So I think what I am trying to do is just impossible in GCC due to macro expansion having to result in a preprocessor token. This works fine in MSVC++ for what it is worth but I can not find a comparable
So I think this is impossible in GCC (Works fine in VC++) due to macro expansion having to be preprocessor tokens and what is considered a separator between the tokens.
I am attempting to link in a specific version of a library, in this example it is Lua 5.3.1. I have the files in extracted to my source folder so that they can be found in the sub folder 'lua-5.3.1\src' and I would like to write a macro that I can use to prefix the header files with that path. Something simple like LUA_PATH(_file)
that would expand into "lua-5.3.1/src/_file"
. Normally I would just use the compiler flags to give a different sub-folder to search through but due to how the projects I am working on are set up, that is exactly what I can not do and what I am trying to find another way around having to maintain the include paths all over the place.
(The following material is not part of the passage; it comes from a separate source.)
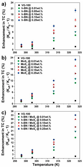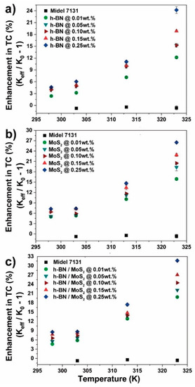 In the hybrid nanofluids, it was observed that at room temperature, the effect of coupling h-BN and MoS2 was similar as a single component reinforcement, either h-BN or MoS2. Moreover, as evaluating temperature increased, the value of thermal conductivity was higher than the single component nanofluids [77,78]. h-BN contributed to the increase of the thermal conductivity as well as MoS2, promoting the dispersion of the nanostructures due to their lubricant properties [38,79].

Here is the little file I wrote (that does not compile, but I can run it through cpp to see what it gives me)
#define LUASRC lua-5.3.1/src/
#define STRINGIFY(_s) #_s
#define ADDLUAPATH(_path, _file) STRINGIFY(_path ## _file)
#define EVALUATOR(_path, _file) ADDLUAPATH(_path,_file)
#define LUA_PATH(_file) EVALUATOR(LUASRC,_file)
void main (void)
{
OUTPUTOFMACROHERE => LUA_PATH(lua.h)
}
This gives me the following output from running cpp on the file
$ cpp temp.c
# 1 "temp.c"
# 1 "<command-line>"
# 1 "/usr/include/stdc-predef.h" 1 3 4
# 1 "<command-line>" 2
# 1 "temp.c"
void main (void)
{
temp.c:1:29: error: pasting "/" and "lua" does not give a valid preprocessing token
#define LUASRC lua-5.3.1/src/
^
temp.c:3:44: note: in definition of macro 'ADDLUAPATH'
#define ADDLUAPATH(_path, _file) STRINGIFY(_path ## _file)
^
temp.c:5:25: note: in expansion of macro 'EVALUATOR'
#define LUA_PATH(_file) EVALUATOR(LUASRC,_file)
^
temp.c:5:35: note: in expansion of macro 'LUASRC'
#define LUA_PATH(_file) EVALUATOR(LUASRC,_file)
^
temp.c:9:23: note: in expansion of macro 'LUA_PATH'
OUTPUTOFMACROHERE => LUA_PATH(lua.h)
^
OUTPUTOFMACROHERE => "lua-5.3.1/src/lua.h"
}
The truly frustration part of this is that the second from last line is exactly the output I am trying to get. It is just that GCC considers getting there an error.
The issue is the / character at the end of the path. If you take the / out at the end of the LUASRC definition and run it you get OUTPUTOFMACROHERE => "lua-5.3.1/srclua.h"
with out any error.. except that the path is invalid. I can not find a place to put the character anywhere to get it into the output quoted string. I have tried adding it in on its own like _path ## / ## _file
or moving it to the value passed in like LUA_PATH(/lua.h)
. This just complains about what is being combined with it (src or lua) as an invalid preprocessor token.
I have tried just using the strings for the preprocessor to concatenate but #include "string" "string"
just seems to try and include both of those strings as separate paths. Clearly a folder can not be opened and the exact file can not be found with out searching sub folders. This has also been the result of having half of the variables (the path or the file) to be a string to be added to the other expanded and stringified value. It also is the result of simply trying to prefix my files with the path to be expanded #include LUASRC"lua.h"
(GCC documentation said if it does not find a < or a " it considers the value for macro expansion)
Is there another strategy to get it to like the / in a macro definition that I am missing? Would love to know.
For what its worth I am using gcc version 4.8.2 (Ubuntu 4.8.2-19ubuntu1)
EDIT: The logic to actually do it but more important the reasons Not to do this are provided in the link of the answer marked below. For quick point of reference of all things however, this is what my little temp.c file ended up looking like
#define LUASRC lua-5.3.1/src/
#define EXPAND(_a) _a
#define STRINGIFY(_s) #_s
#define EVALUATOR(_args) STRINGIFY(_args)
#define LUA_PATH(_file) EVALUATOR(EXPAND(LUASRC)EXPAND(_file))
void main (void)
{
OUTPUTOFMACROHERE => LUA_PATH(lua.h)
}
It is not that "gcc thinks it is an error". It is an error. ("If the result [of the concatenation] is not a valid preprocessing token, the behavior is undefined.", C11 §6.10.3.3/3).
But that doesn't matter because you can stringify more than one token; there is no need to concatenate. You just have to watch out for whitespace.